IRLGJun 1, 2020

Dimensionality Reduction for Sentiment Classification: Evolving for the Most Prominent and Separable Features

arXiv:2006.04680v1
Originality Incremental advance
AI Analysis

This work addresses the challenge of high-dimensional and noisy text data for sentiment analysis, but it appears incremental as it builds on prior TPC and TPR methods.

The paper tackles the problem of dimensionality reduction in sentiment classification by proposing a new framework, SentiTPC and SentiTPR, which reduces feature dimensions and improves classifier performance, as shown by extensive experimental results.
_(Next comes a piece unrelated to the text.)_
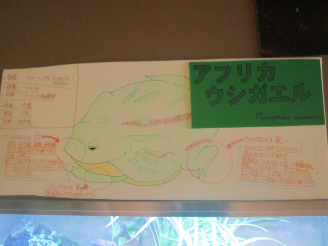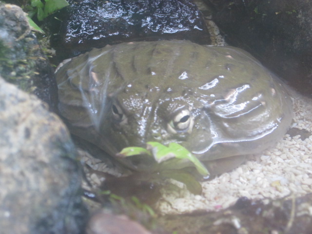 カバさんは数年前に新たにかば館として生まれ変わった現在地に引っ越してきたのですが、その際に、「ゲテモノ水槽」(このネーミング、カエルマニア的にはちょっと切ないけど…)と呼ばれる水槽が新設されて、そこにマダガスカルのゴキブリやイベリアトゲイモリさん等と共にやって来たのが、アフリカウシガエルさんです。
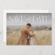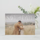 Esta nova e elegante imagem de sobreposição de escrita de caligrafia salva a data com um moderno pareamento tipográfico de escrita de caligrafia e uma serifa única. Sua foto de noivado tira o palco central nesta bela salva a data.

In sentiment classification, the enormous amount of textual data, its immense dimensionality, and inherent noise make it extremely difficult for machine learning classifiers to extract high-level and complex abstractions. In order to make the data less sparse and more statistically significant, the dimensionality reduction techniques are needed. But in the existing dimensionality reduction techniques, the number of components needs to be set manually which results in loss of the most prominent features, thus reducing the performance of the classifiers. Our prior work, i.e., Term Presence Count (TPC) and Term Presence Ratio (TPR) have proven to be effective techniques as they reject the less separable features. However, the most prominent and separable features might still get removed from the initial feature set despite having higher distributions among positive and negative tagged documents. To overcome this problem, we have proposed a new framework that consists of two-dimensionality reduction techniques i.e., Sentiment Term Presence Count (SentiTPC) and Sentiment Term Presence Ratio (SentiTPR). These techniques reject the features by considering term presence difference for SentiTPC and ratio of the distribution distinction for SentiTPR. Additionally, these methods also analyze the total distribution information. Extensive experimental results exhibit that the proposed framework reduces the feature dimension by a large scale, and thus significantly improve the classification performance.